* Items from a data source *
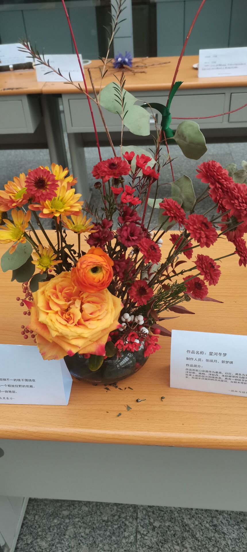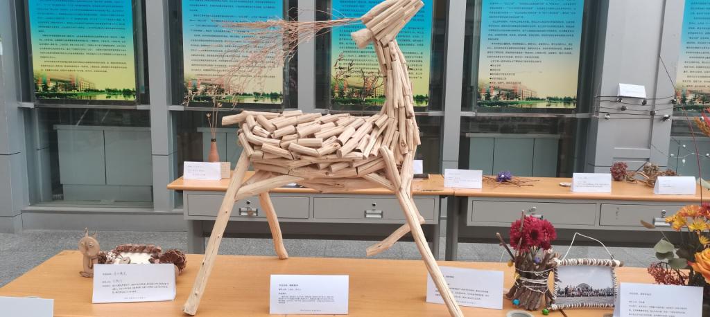 该展览旨在提高同学们的创新意识,激发同学们学习的积极性,提升专业素养,培养发现美、展现美的能力。展览过程中,同学们将原本“丑”“杂乱无章”的枯木经过一番加工,变成了精美的“花瓶”“梅花鹿”……作品设计手法清新自然,植物配置精心制作,体现了枯木中富有生机的自然美感,展现出了一幅幅别具一格的画面。
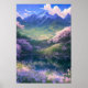This digital artwork showcases a stunning lake nestled at the bottom of a green valley, adorned with pink flowers and cherry blossoms. The beauty of the scene is further enhanced by the presence of majestic snowy mountains on the horizon. The artwork invites the viewer to immerse themselves in the serene ambiance, envisioning the reflection of the surrounding beauty in the calm waters of the lake and appreciating the harmonious blend of colours and elements that nature has to offer.
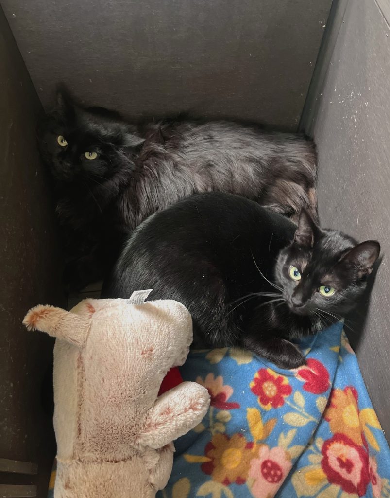 Meet handsome brothers, Raven and Teddy! We’ve been lucky enough to have really low cat numbers recently which gives us room to transfer in from other shelters who may be struggling with their population. A few weeks ago we transferred in Raven and Teddy, and posted them on social media.
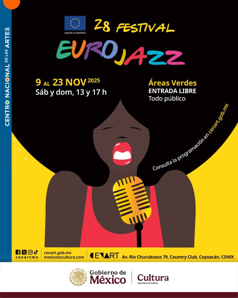 El Festival Eurojazz 2025 vuelve a encender las Áreas Verdes del Centro Nacional de las Artes del 9 al 23 de noviembre, envuelto en un ambiente familiar de picnic y sol otoñal, con un cartel que integra: el domingo 9 a Córas Trio (Irlanda) y Yvonne Moriel :: Sweetlife (Austria); el sábado 15, Pekka Pylkkänen Quartet (Finlandia) y Texas Tech Jazz Orchestra (EE.UU.); el domingo 16, No Square Jazz Quartet (Suiza) y Gilipojazz (España); el sábado 22, el grupo nacional 5° Elemento junto al Leonardo Prieto Ensemble (Países Bajos); y el domingo 23 cierran Luca Velotti 4TET (Italia) y Marcin Masecki Trio (Polonia). Conoce el line up en https://www.cenart.gob.mx/festival-eurojazz-2025/
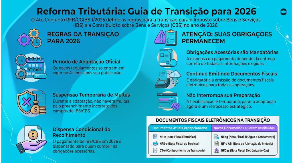 Hoje, 23 de dezembro de 2025, foi publicado o Ato Conjunto RFB/CGIBS 1/2025, que estabelece os documentos fiscais que serão recepcionados pelos regulamentos do IBS e da CBS, juntamente com os prazos para o ano de 2026.
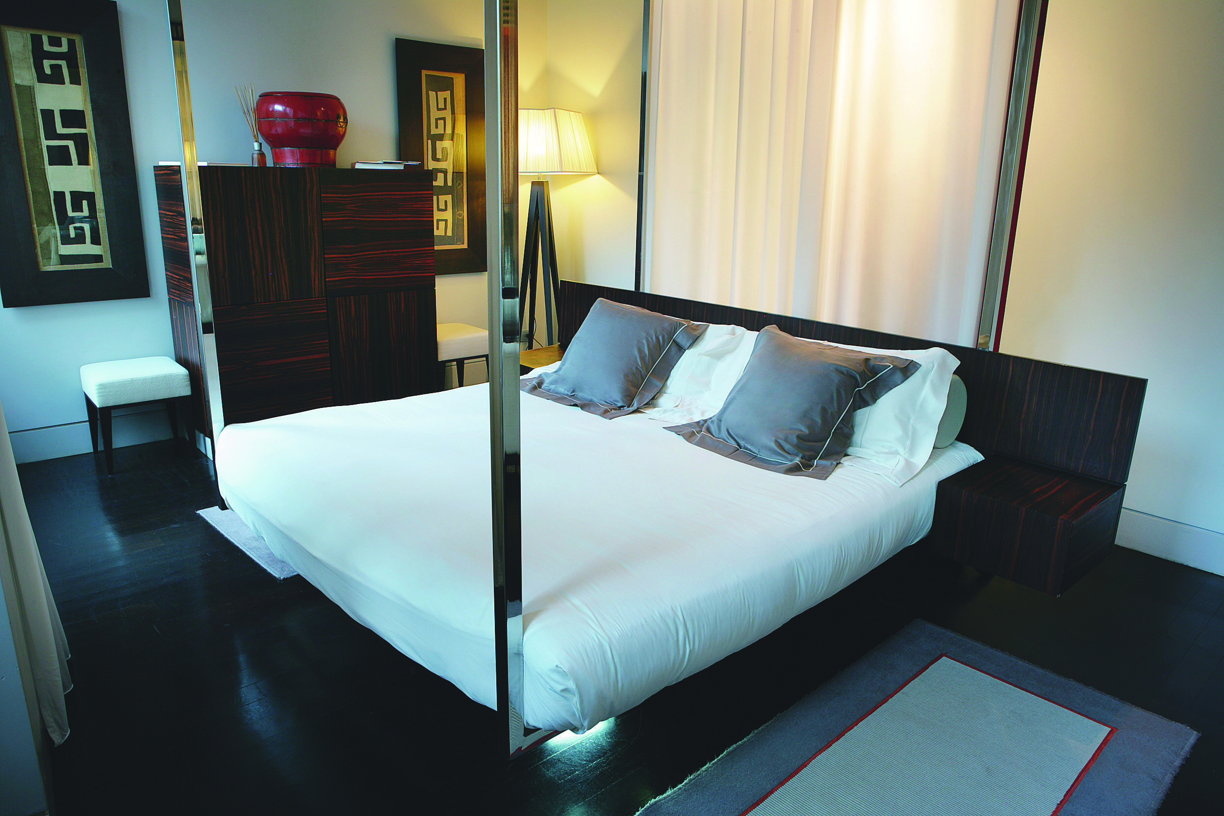 The 21 rooms and suites in our boutique hotel are modern with ethnic touches, floating beds, and in some cases, a small private gym or Turkish bath.

* Exercise instructions *
Retype only the lines above from the one with "El Festival Eurojazz" through the one with "Hoje, 23 de", exactly and with both ends. Images stay out.

* Answer to this task *
 El Festival Eurojazz 2025 vuelve a encender las Áreas Verdes del Centro Nacional de las Artes del 9 al 23 de noviembre, envuelto en un ambiente familiar de picnic y sol otoñal, con un cartel que integra: el domingo 9 a Córas Trio (Irlanda) y Yvonne Moriel :: Sweetlife (Austria); el sábado 15, Pekka Pylkkänen Quartet (Finlandia) y Texas Tech Jazz Orchestra (EE.UU.); el domingo 16, No Square Jazz Quartet (Suiza) y Gilipojazz (España); el sábado 22, el grupo nacional 5° Elemento junto al Leonardo Prieto Ensemble (Países Bajos); y el domingo 23 cierran Luca Velotti 4TET (Italia) y Marcin Masecki Trio (Polonia). Conoce el line up en https://www.cenart.gob.mx/festival-eurojazz-2025/
 Hoje, 23 de dezembro de 2025, foi publicado o Ato Conjunto RFB/CGIBS 1/2025, que estabelece os documentos fiscais que serão recepcionados pelos regulamentos do IBS e da CBS, juntamente com os prazos para o ano de 2026.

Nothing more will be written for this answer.